A plaque honoring America’s first black Army infantry, the 54th Regiment, now sits at the corner of Beacon and Park Streets in Boston. The Shaw Memorial by sculptor Augustus Saint-Gaudens is a new monument that stands 11 feet tall and 14 feet wide. It honors the fallen black soldiers who fought bravely in the Civil War under Col. Robert Gould Shaw. The statue took 14 years to complete.
The 54th Massachusetts Regiment was formed in 1863. It was comprised of freed slaves in the Union and the first organized infantry of African Americans in the Civil War. The men trained at Boston’s Camp Meigs.

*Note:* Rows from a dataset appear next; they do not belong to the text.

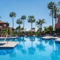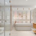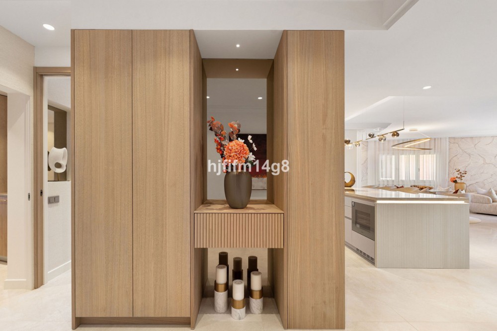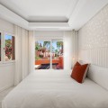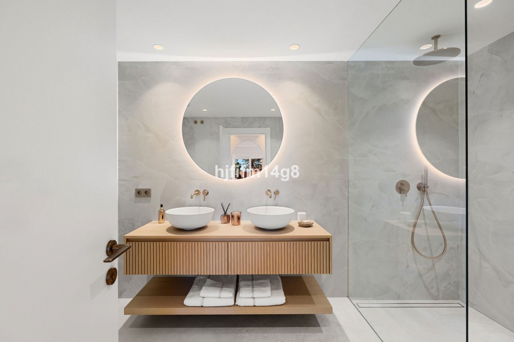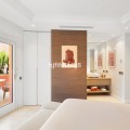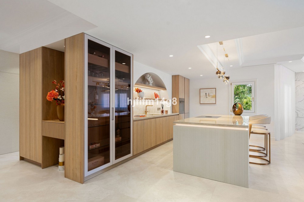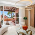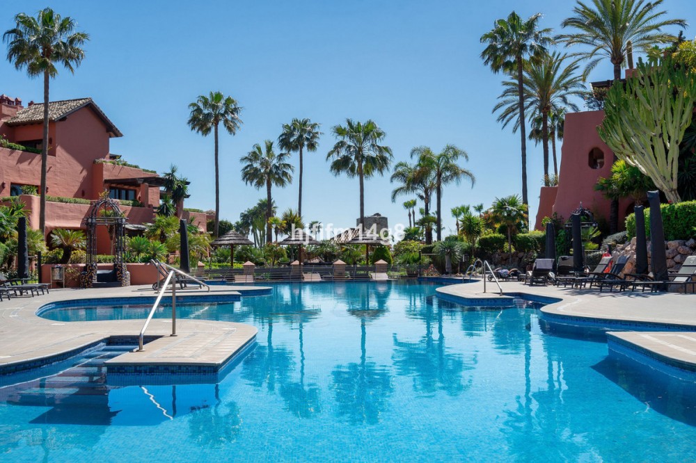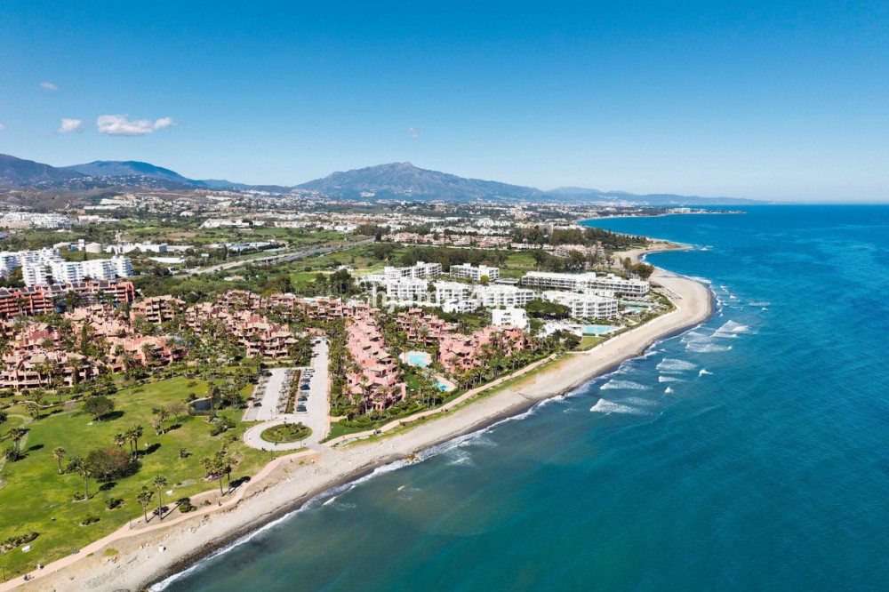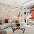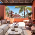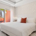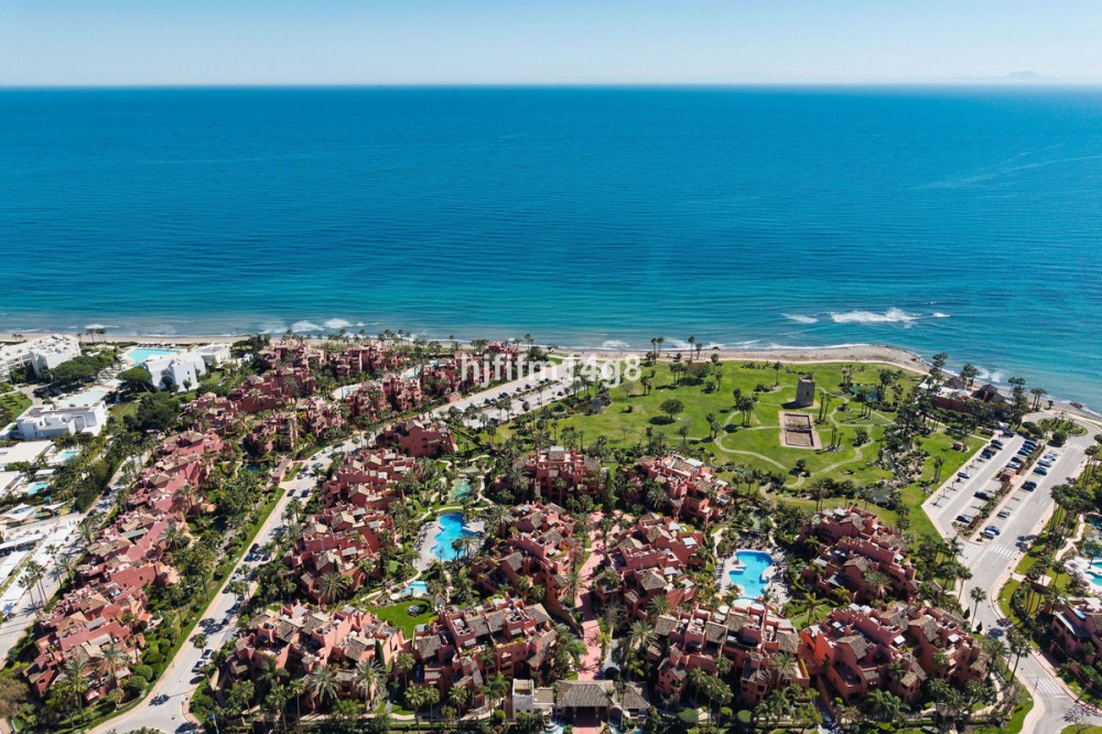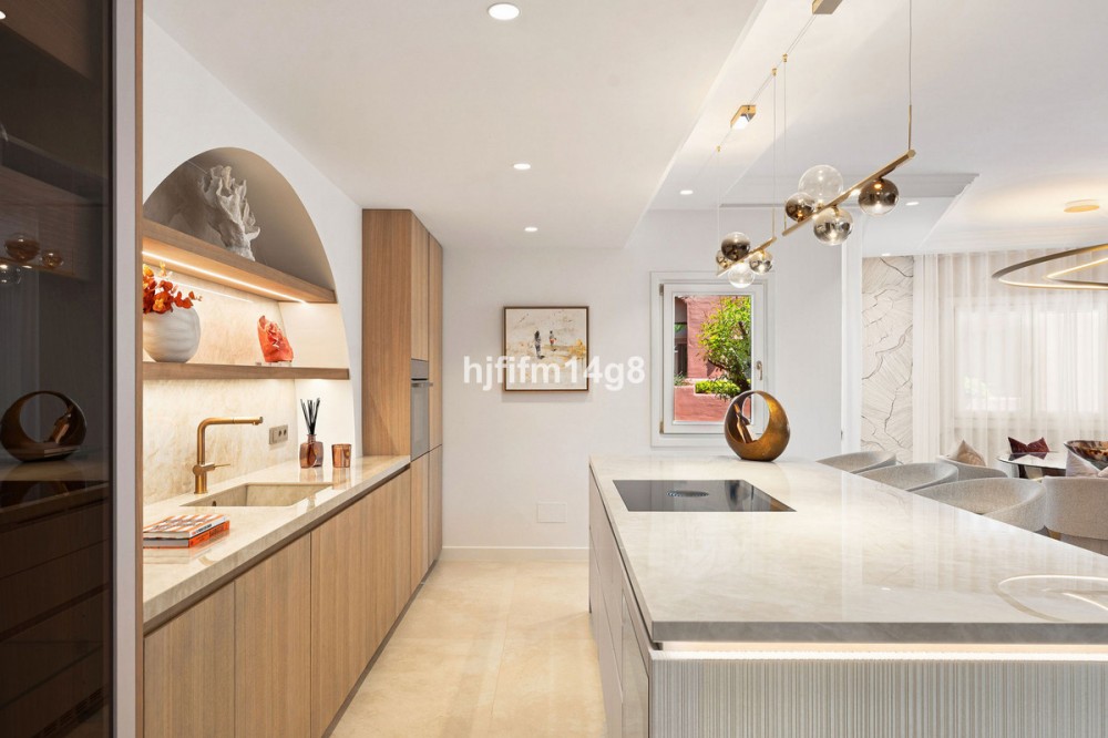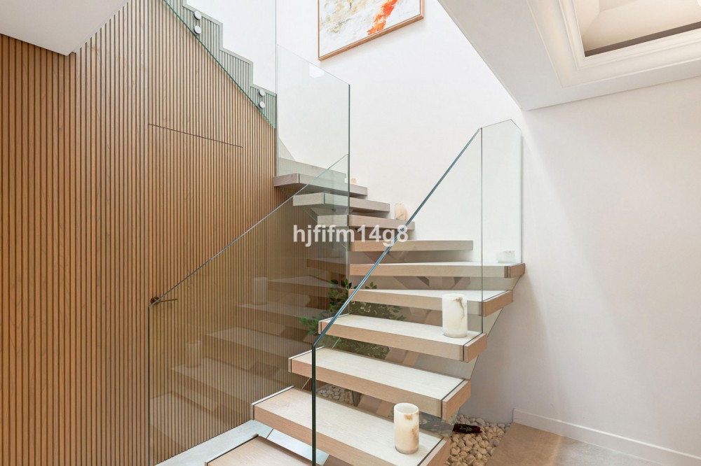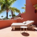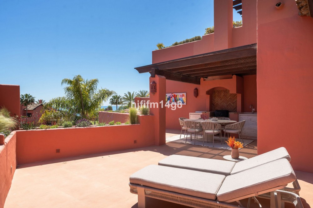 • Dit volledig gerenoveerde duplex penthouse met drie slaapkamers is gelegen in het prestigieuze Torre Bermeja en biedt een uitzonderlijke combinatie van verfijnde elegantie, modern comfort en een toplocatie aan het strand in de zeer gewilde New Golden Mile van Estepona. De woning wordt instapklaar en volledig gemeubileerd opgeleverd, zodat u er direct van kunt genieten, zowel als permanente woning als luxe vakantieverblijf. De exclusieve woonwijk Torre Bermeja staat bekend om haar vijfsterrenvoorzieningen, waaronder 24-uursbeveiliging, prachtig onderhouden tropische tuinen, rustige kunstmatige meren, twee buitenzwembaden met watervallen, een volledig uitgeruste fitnessruimte en een sauna. Bewoners profiteren bovendien van directe toegang tot het strand en de nabijheid van de schilderachtige kustpromenade, waarmee de essentie van elegant mediterraan leven in Estepona perfect wordt weergegeven. Bij binnenkomst in het penthouse wordt u verwelkomd in een lichte en ruime open woonruimte waar de eetkamer, de woonkamer en de volledig uitgeruste keuken naadloos in elkaar overlopen. Deze uitnodigende ruimte komt uit op een royaal terras op het zuiden met zowel overdekte als onoverdekte gedeeltes, ideaal om te ontspannen of te entertainen terwijl u geniet van het uitzicht over de Middellandse Zee, de weelderige gemeenschappelijke tuinen en het zwembad. Op de begane grond bevinden zich tevens twee goed ingerichte gastenslaapkamers, elk met een eigen en-suite badkamer en directe toegang tot het terras, evenals een aparte wasruimte en een gastentoilet. De bovenverdieping is volledig gewijd aan de indrukwekkende master suite, ontworpen als een privétoevluchtsoord. Deze suite beschikt over een inloopkast, een luxe en-suite badkamer en toegang tot een eigen terras op het zuiden. Dit terras biedt zowel schaduwrijke als openluchtgedeeltes, een ingebouwde barbecue en een adembenemend uitzicht op de Middellandse Zee en de prachtig aangelegde tuinen van Torre Bermeja, waardoor het de perfecte plek is om het hele jaar door te genieten van het aangename klimaat van Estepona. Deze uitzonderlijke woning beschikt tevens over twee ondergrondse parkeerplaatsen en twee bergingen, wat naast de vele andere voordelen ook het gemak en de praktische bruikbaarheid vergroot.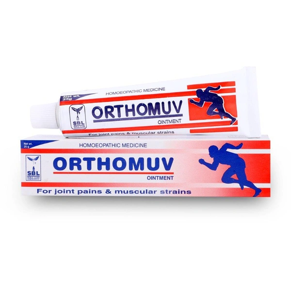 SBL Orthomuv Ointment is designed to relieve various pain and discomfort in joints, muscles, and the back. It can assist with issues like sports injuries, stiffness, and bruising that causes skin discoloration.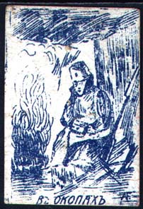 1915 1915(?) г. Разм. 32 х 48 мм. Одноцветная печать на желтоватой бумаге с мелованным верхним слоем. Солдат в зимнем обмундировании у костра в окопе с перекрытием. Внизу текст в одну строку: «В окопах».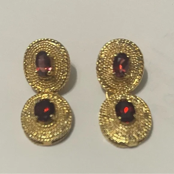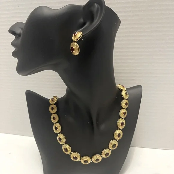 Necklace 81/2 inch with earrings 1 inches combo, Sterling silver 925 Dipped in 18k gold with semi precious stones, made in Thailand, (Garnet stones)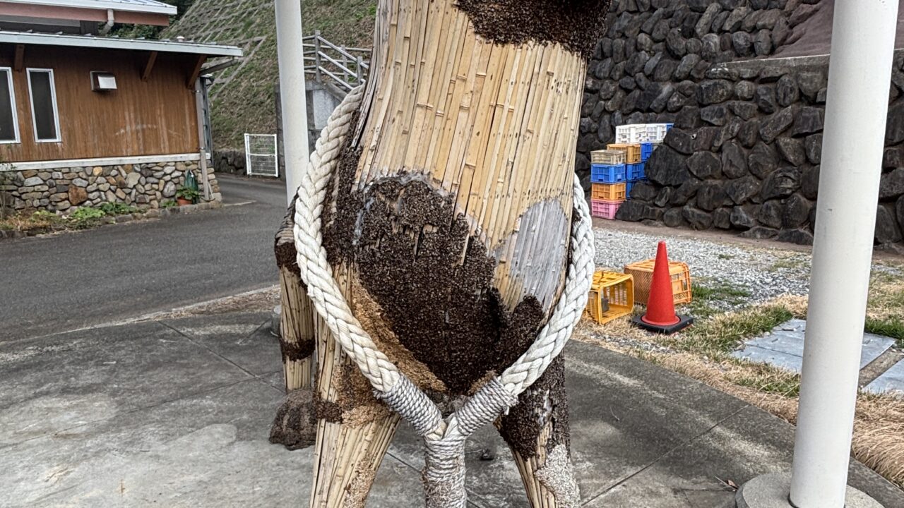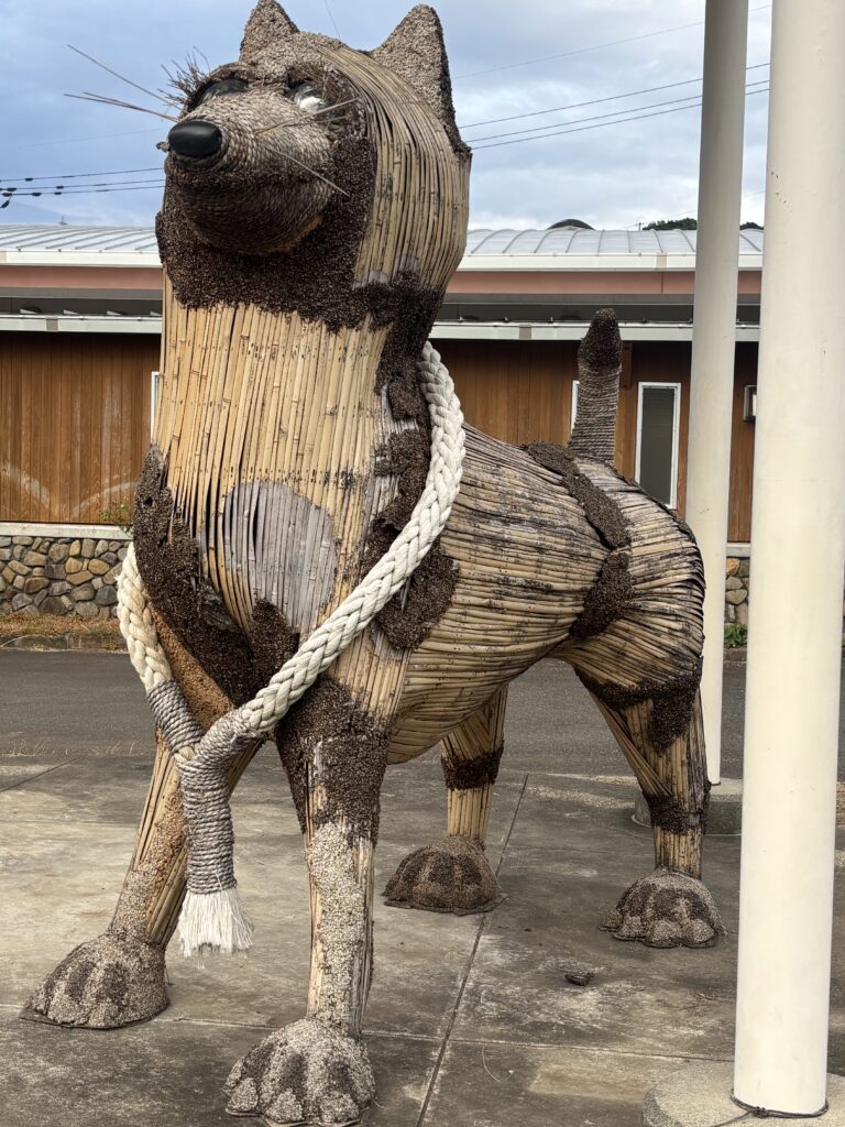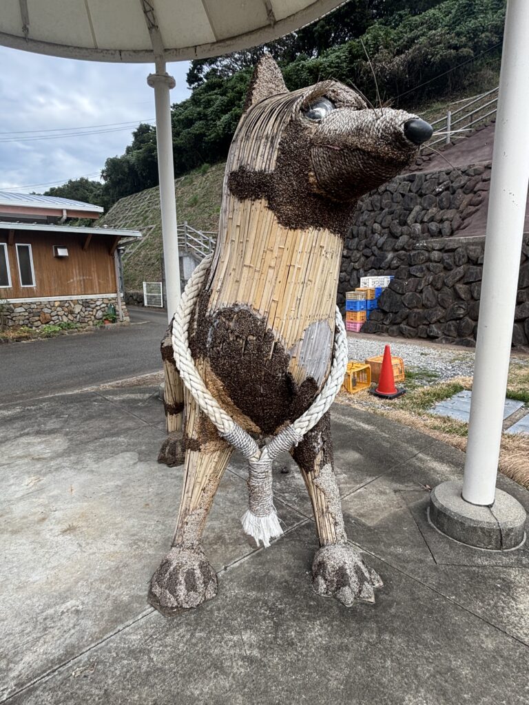 高さ3mはあろうかという、巨大な犬のオブジェです🐕! 竹などの自然素材を丁寧に編み込んで作られていて、造形物としてのクオリティはめちゃくちゃ高い🤠園芸のトピアリー作りにも通ずる職人技を感じましたが……🤠周辺をどれだけ探しても、説明書き一つありません😅(笑)😅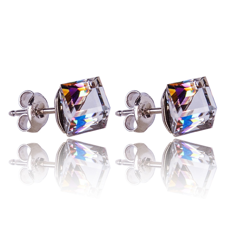 Elegantní, krásné a třpitivé náušnice s krystaly Cube (kostička) o velikosti 6mm, které jsou uchyceny na velmi kvalitní stříbrném puzetě ryzosti 925/1000 české výroby.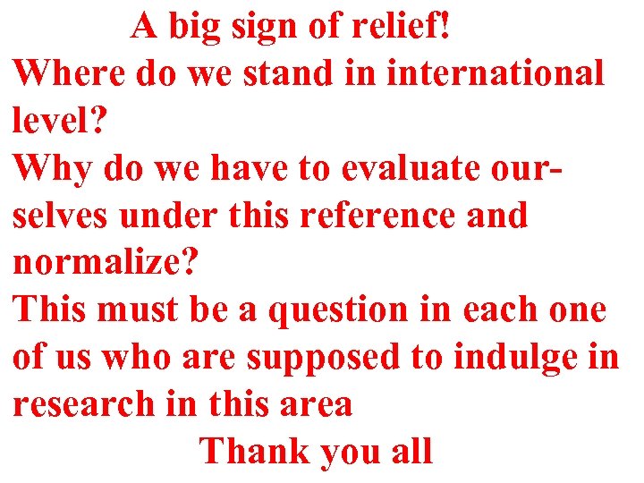 A big sign of relief! Where do we stand in international level? Why do we have to evaluate ourselves under this reference and normalize? This must be a question in each one of us who are supposed to indulge in research in this area Thank you all

Controversy ensued for their promised wages, which was $13 per month. Upon enlisting, the men were only paid $7 per month and were told the deduction was for clothing, an expense the white soldiers did not have to pay. This often resulted in protest. It was not until September 28, 1864 that the U.S. Congress took action to get the black soldiers back pay. By that time, most men had served for over one year.
The brave men of the 54th Volunteer Regiment were defeated at Fort Wagner in South Carolina 150 years ago. Out of 600, 272 men fell, along with Colonel Robert G. Shaw. Sergeant William Harvey Carney was awarded the Medal of Honor for grabbing the U.S. flag and carrying it to the enemy ramparts and back, and singing “Boys, the old flag never touched the ground!” It was one of the most tragic battles for the regiment but significant in the overall Civil War and the win of the Union Army.